> **What the task asks**: Among the entries below, the lines from the one with "在广州这个海洋馆,海底中国戏" up to and including the one with "Ducted air conditioning, efficient" are to be restated exactly, without pictures.
Data section Start Marker
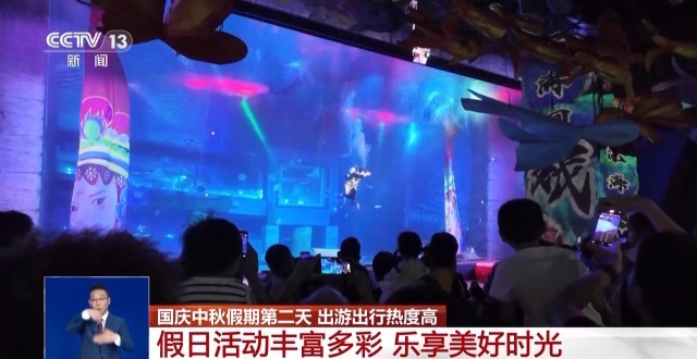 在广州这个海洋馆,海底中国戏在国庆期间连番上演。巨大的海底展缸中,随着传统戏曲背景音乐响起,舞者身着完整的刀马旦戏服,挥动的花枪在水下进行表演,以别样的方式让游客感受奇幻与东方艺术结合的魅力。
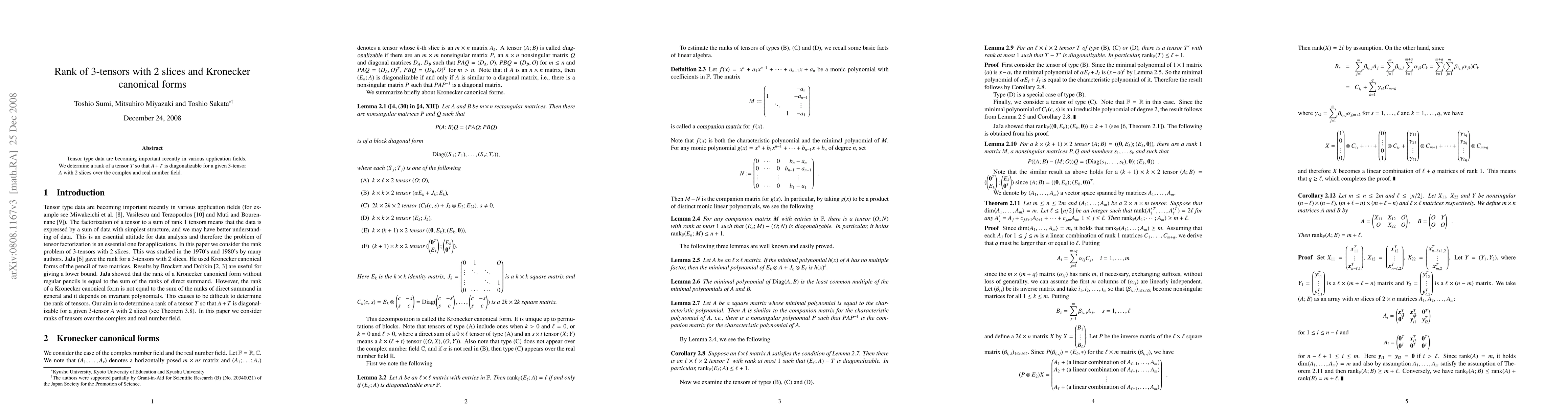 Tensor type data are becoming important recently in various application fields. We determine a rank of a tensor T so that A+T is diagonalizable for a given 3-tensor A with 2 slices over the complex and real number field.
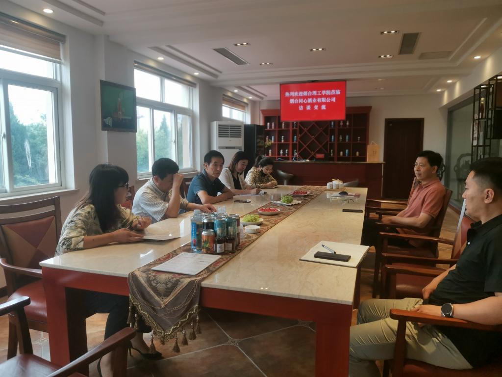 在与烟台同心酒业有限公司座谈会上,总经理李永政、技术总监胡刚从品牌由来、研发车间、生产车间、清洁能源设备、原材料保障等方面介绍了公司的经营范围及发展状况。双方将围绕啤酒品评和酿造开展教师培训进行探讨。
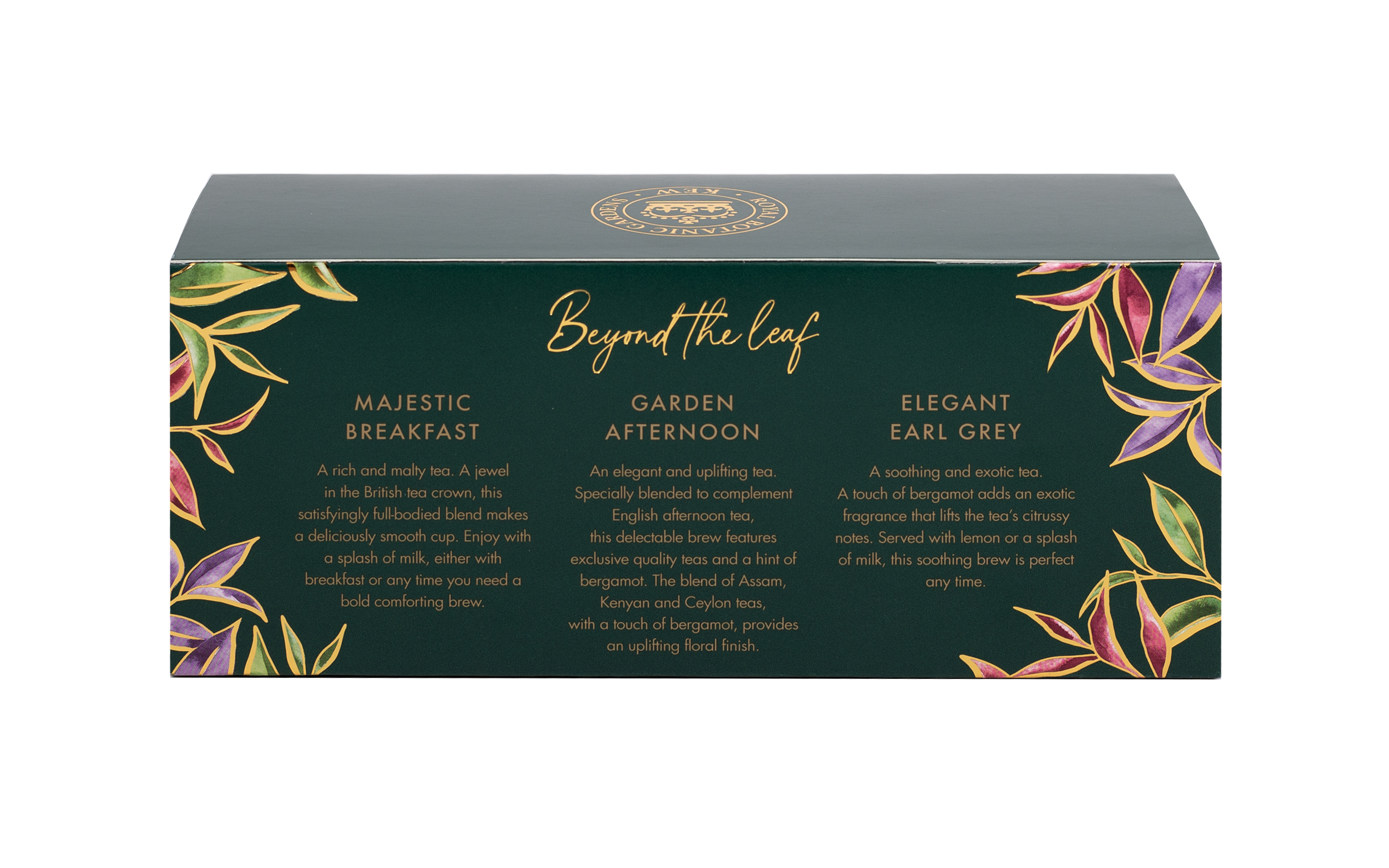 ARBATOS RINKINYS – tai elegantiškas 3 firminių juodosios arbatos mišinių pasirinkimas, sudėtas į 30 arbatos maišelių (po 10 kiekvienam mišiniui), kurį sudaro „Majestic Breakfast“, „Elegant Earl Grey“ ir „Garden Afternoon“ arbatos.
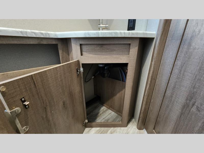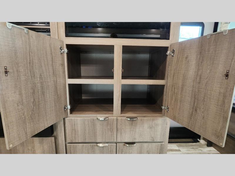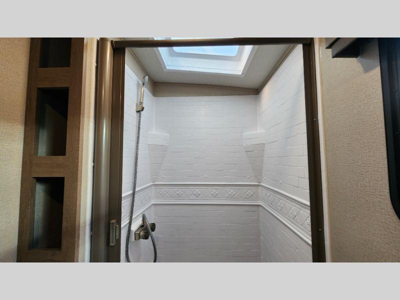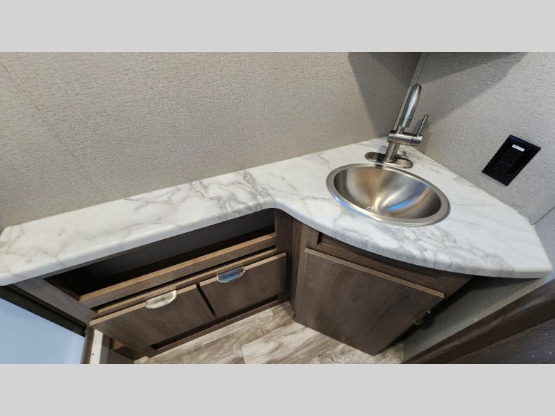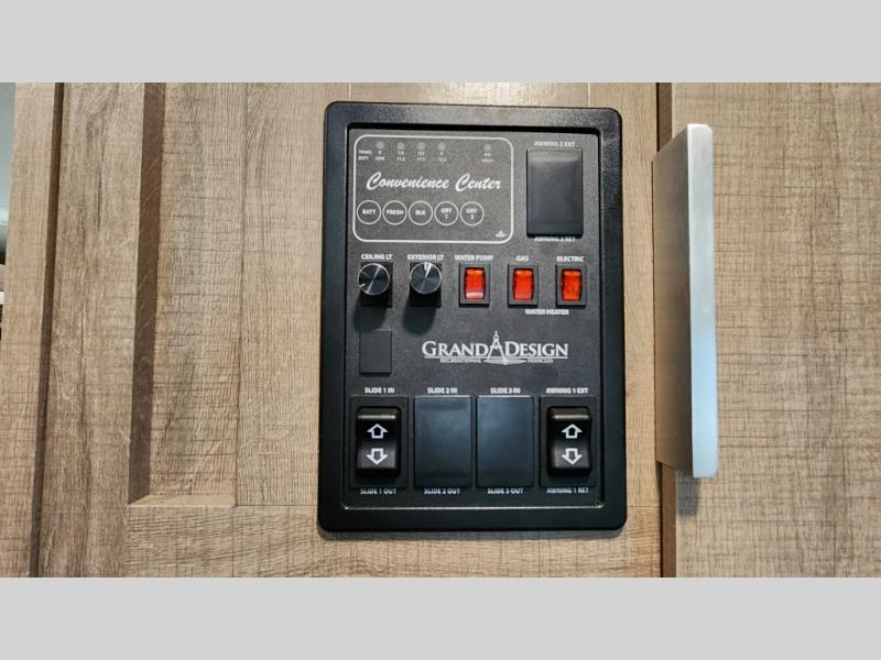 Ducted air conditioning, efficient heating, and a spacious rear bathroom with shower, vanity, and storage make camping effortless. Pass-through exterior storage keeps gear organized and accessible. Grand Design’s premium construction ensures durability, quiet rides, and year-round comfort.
Data section End Marker
Data section Start Marker
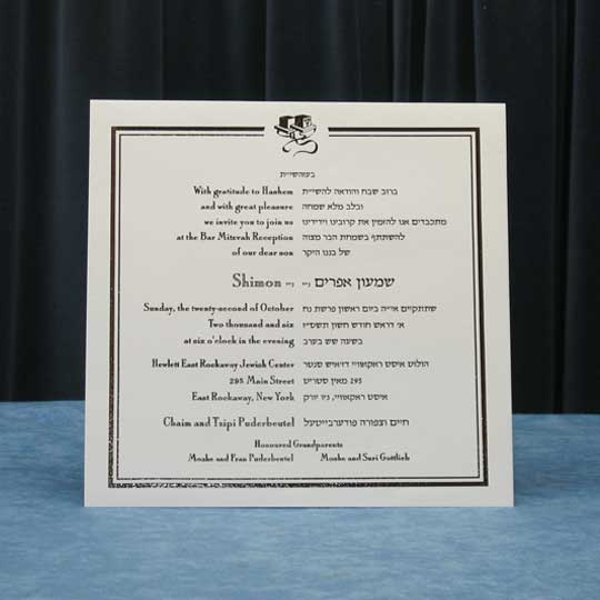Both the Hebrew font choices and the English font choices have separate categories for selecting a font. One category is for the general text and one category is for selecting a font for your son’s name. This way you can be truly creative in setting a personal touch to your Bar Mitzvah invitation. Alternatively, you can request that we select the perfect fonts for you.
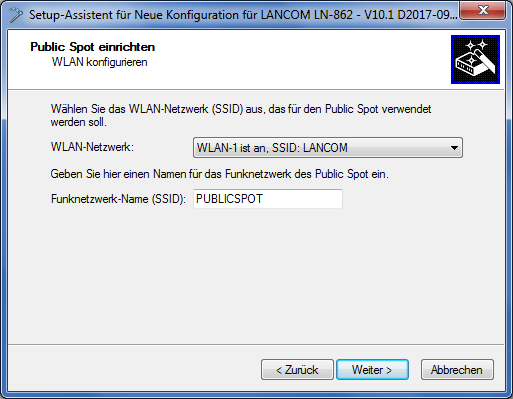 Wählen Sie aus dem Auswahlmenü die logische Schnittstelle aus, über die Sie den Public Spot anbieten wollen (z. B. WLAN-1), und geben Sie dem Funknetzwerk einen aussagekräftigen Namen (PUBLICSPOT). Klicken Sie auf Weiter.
Data section End Marker
> **Solution to the exercise**:
 在广州这个海洋馆,海底中国戏在国庆期间连番上演。巨大的海底展缸中,随着传统戏曲背景音乐响起,舞者身着完整的刀马旦戏服,挥动的花枪在水下进行表演,以别样的方式让游客感受奇幻与东方艺术结合的魅力。
 Tensor type data are becoming important recently in various application fields. We determine a rank of a tensor T so that A+T is diagonalizable for a given 3-tensor A with 2 slices over the complex and real number field.
 在与烟台同心酒业有限公司座谈会上,总经理李永政、技术总监胡刚从品牌由来、研发车间、生产车间、清洁能源设备、原材料保障等方面介绍了公司的经营范围及发展状况。双方将围绕啤酒品评和酿造开展教师培训进行探讨。
 ARBATOS RINKINYS – tai elegantiškas 3 firminių juodosios arbatos mišinių pasirinkimas, sudėtas į 30 arbatos maišelių (po 10 kiekvienam mišiniui), kurį sudaro „Majestic Breakfast“, „Elegant Earl Grey“ ir „Garden Afternoon“ arbatos.
 Ducted air conditioning, efficient heating, and a spacious rear bathroom with shower, vanity, and storage make camping effortless. Pass-through exterior storage keeps gear organized and accessible. Grand Design’s premium construction ensures durability, quiet rides, and year-round comfort.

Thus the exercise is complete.